Afghanistan censors U.S. troop media

By Matt Gillis

Censorship is no new development in the field of advertising in the United States. Over time, advertisements promoting sexual themes, violence or substance abuse have been pulled from the media landscape in an effort to protect a healthy cultural image.

While some believe the removal of advertisements in the United States hinders a company’s right to freedom of speech, most understand that advertisements promoting negative subjects are reasonably censored. However, countries like Afghanistan are facing media censorship that not only limits freedom of speech but also obstructs their progress toward cultural independence.


Recently, the Afghan government has begun shutting down television spots airing advertisements that support United States involvement in Afghanistan.

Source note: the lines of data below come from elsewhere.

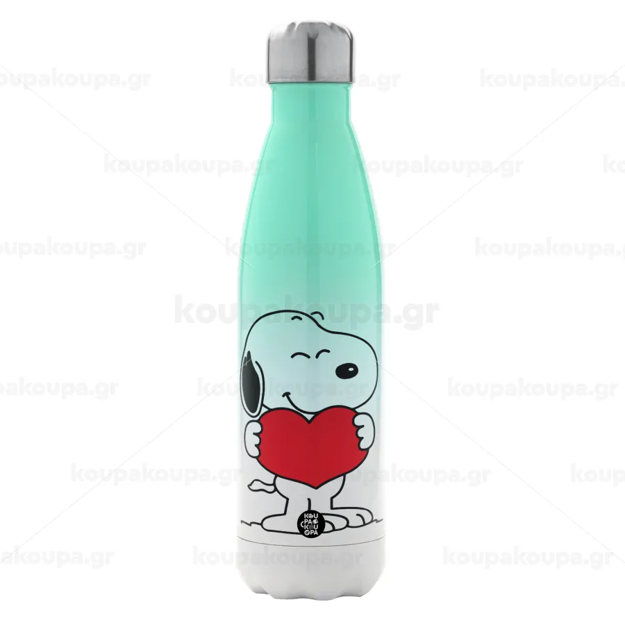 Snoopy takemy heart, Μεταλλικό παγούρι θερμός Πράσινο/Λευκό (Stainless steel), διπλού τοιχώματος, 500ml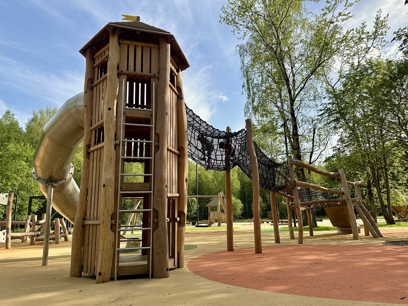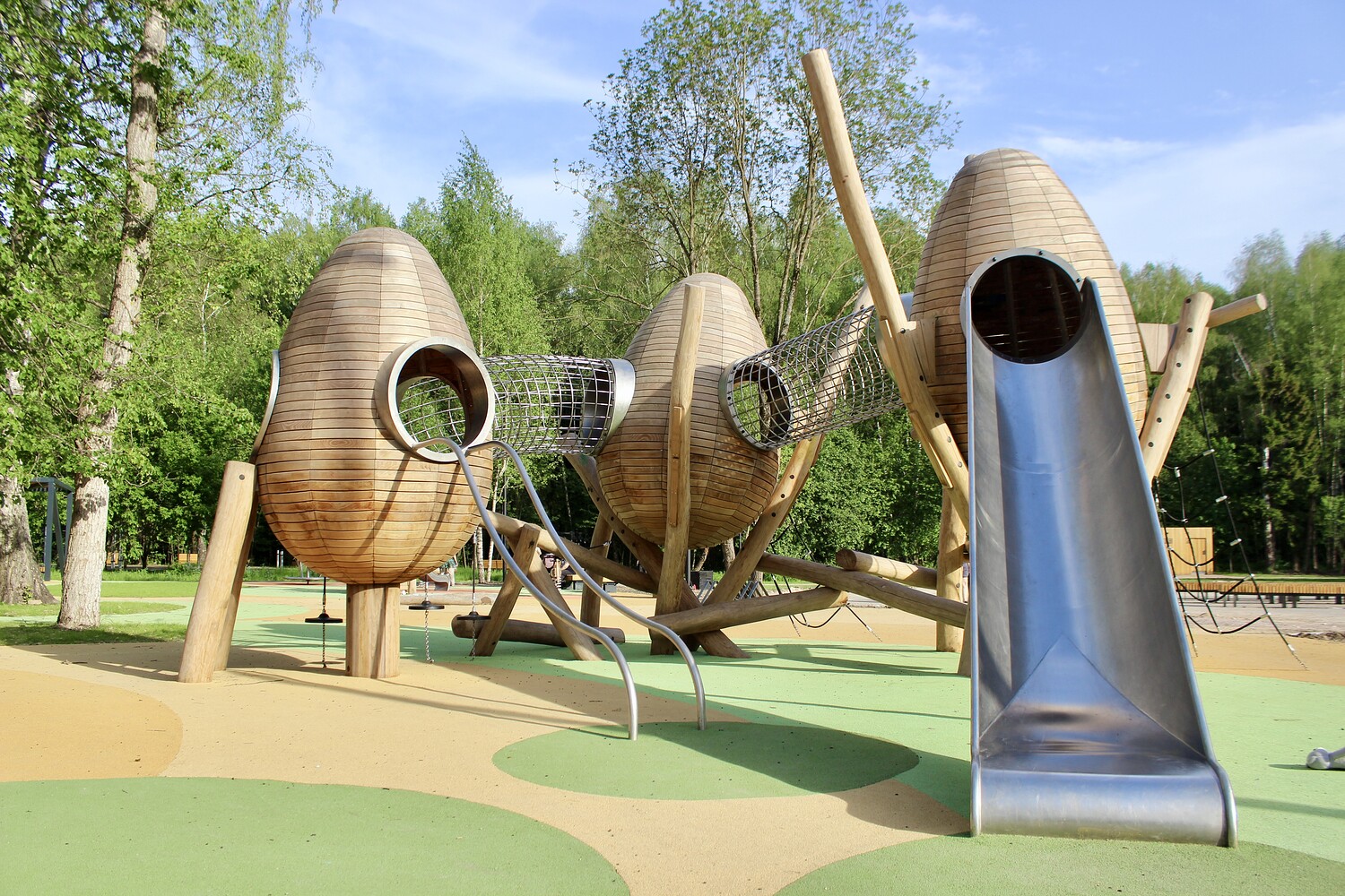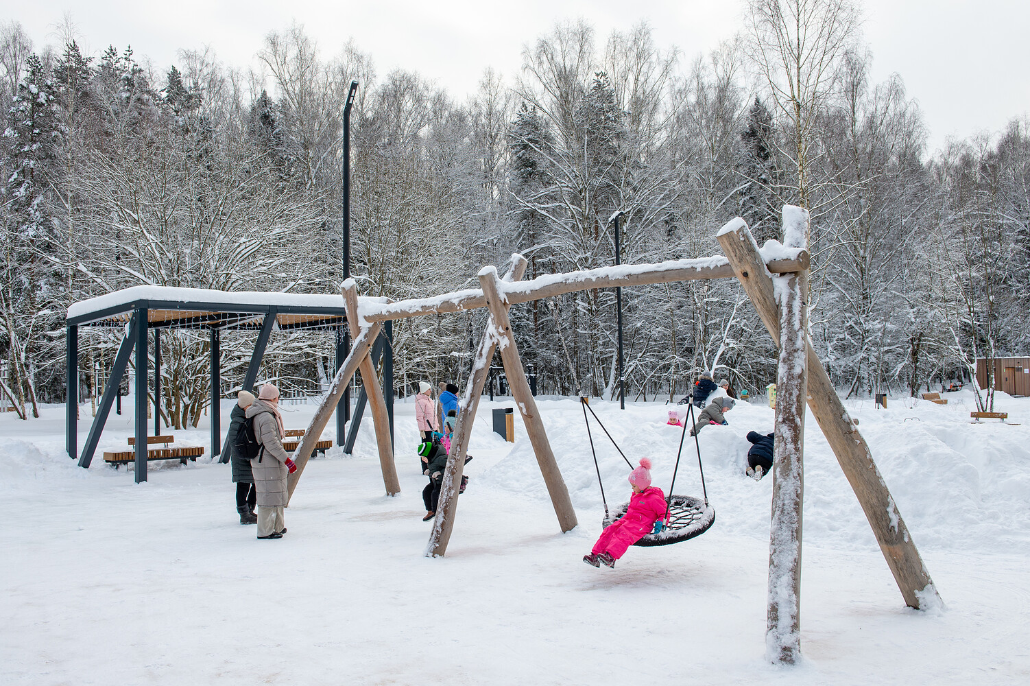 Прогуливаясь по парку, вы найдете две детские зоны с игровыми элементами для разных возрастных групп, шахматные столы, спортивные площадки, в том числе универсальную для игры в волейбол и бадминтон, а также дог-площадку.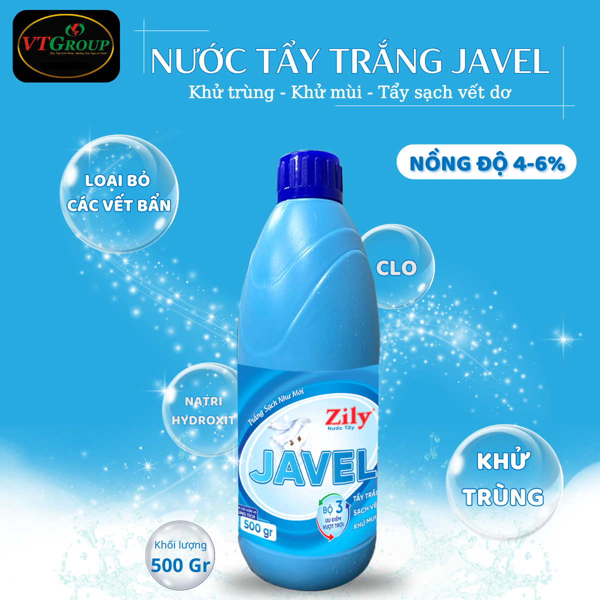 Mua tại TiktokNƯỚC TẨY TRẮNG JAVEL ZILY 500G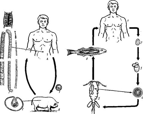 Рис. 162. Жизненный цикл свиного" солитера. А — окончательный хозяин (человек), в котором паразитирует половозрелая стадия; Б — промежуточный хозяин (свинья), пожирающая яйца (по Ноблю, изменено): / — яйцо цепня с онкосферой внутри, 2 — финна, развивающаяся в мышцах свиньи, 3—половозрелая стадия, 4 — отдельный зрелый членик, выходящий из кишечника человека. Заражение человека возможно при употреблении в пищу непрожаренной свинины Рис. 163. Схема жизненного цикла широкого лентеца: 1 — окончательный хозяин (человек), в котором паразитирует половозрелая стадия, 2 — выходящие из кишечника человека во внешнюю среду яйца лентеца, 3 — вылупление корацидия, 4 — свободный корацидий, 5 — первый промежуточный хозяин (циклоп) с процеркоидом в полости тела, 6 — второй промежуточный хозяин (рыба) с пле-роцеркоидом в мускулатуре. Человек заражается, употребляя в пищу плохо проваренную рыбу с плероцеркоидами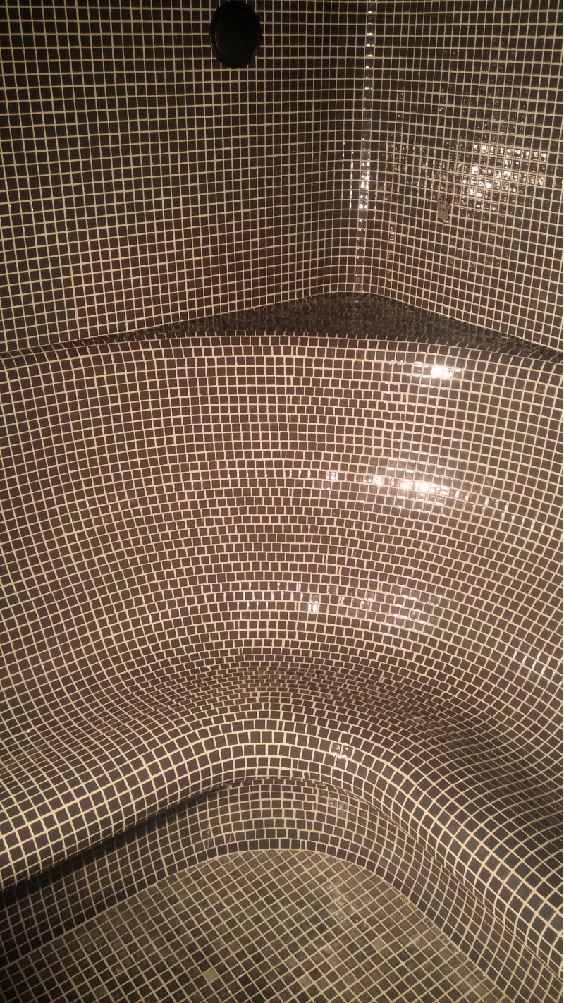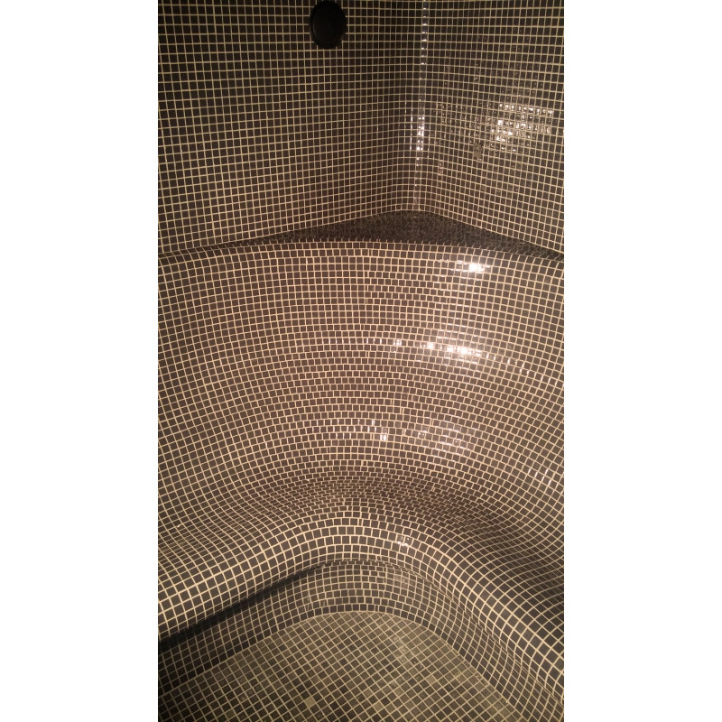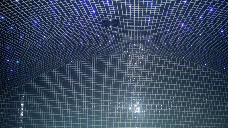 Končna obdelava - celotna savna je okrašena z drobljenimi steklenimi mozaičnimi ploščicami.

Due to their disagreements with Washington, the government will continue to censor advertisements promoting United States troops after 2014.

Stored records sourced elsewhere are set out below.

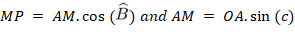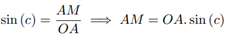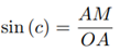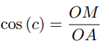 From the Euclidean right triangle OMA, since the angle at vertex O coincides with side c of the spherical triangle, it follows: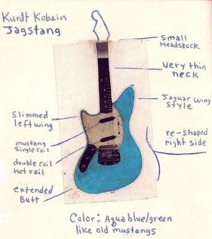 Cobain sketched a basic design that was sent to Fender, which was later published as part of his Journals in 2002.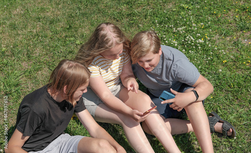 group of teenagers looking at smartphone screen and smiling and chatting. teens sitting on a lawn grass wearing casual clothes spending time outdoors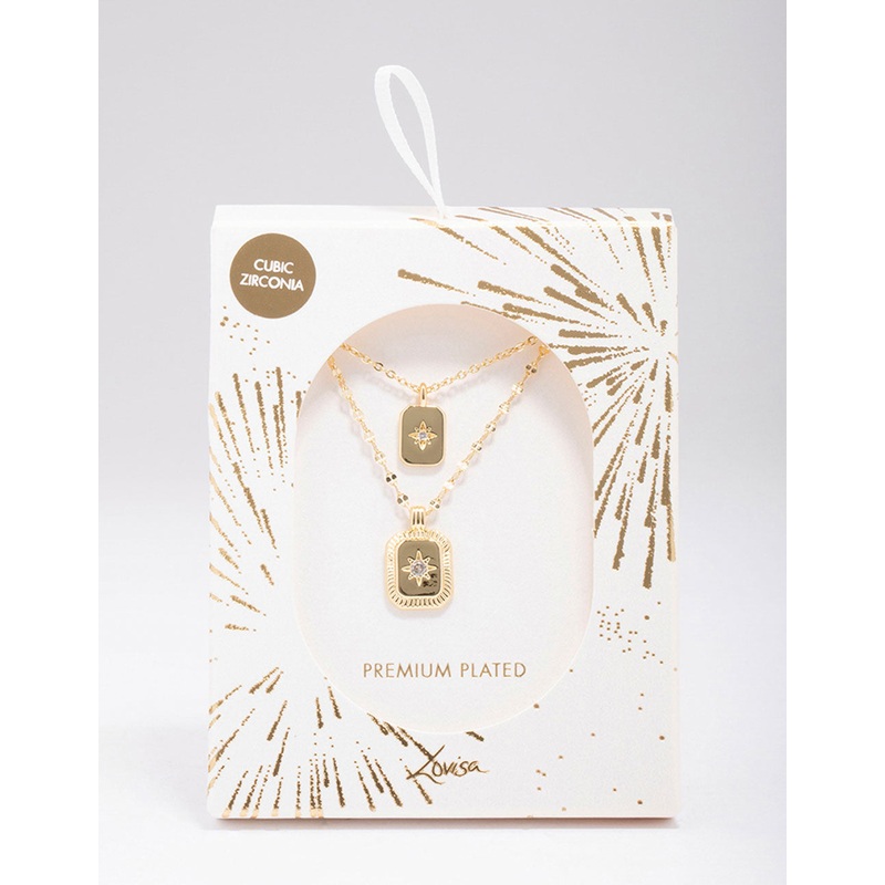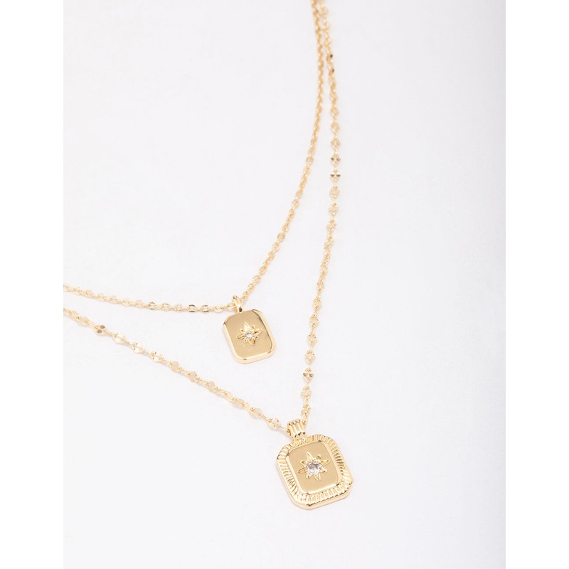 Gold Plated Celestial Cubic Zirconia Layered Necklace

The United States funded advertisements, including one that was aired by Afghanistan’s most widely watched broadcaster, are being censored after several weeks of broadcast due to their content; They encourage President Hamid Karzai to sign a security pact that would allow United States troops to stay in Afghanistan.


The commercials feature interviews with Afghanistan’s own citizens who also support Karzai’s signing of the pact, saying, “You should accept the people’s demand and sign this as soon as possible.”

The advertisements were taken off the air after the source of their funding was put under investigation. Karzai’s censorship actions are part of his latest hostility toward Washington, and he cites that the United States is doing too little to fight terrorism after the country experienced a deadly restaurant attack.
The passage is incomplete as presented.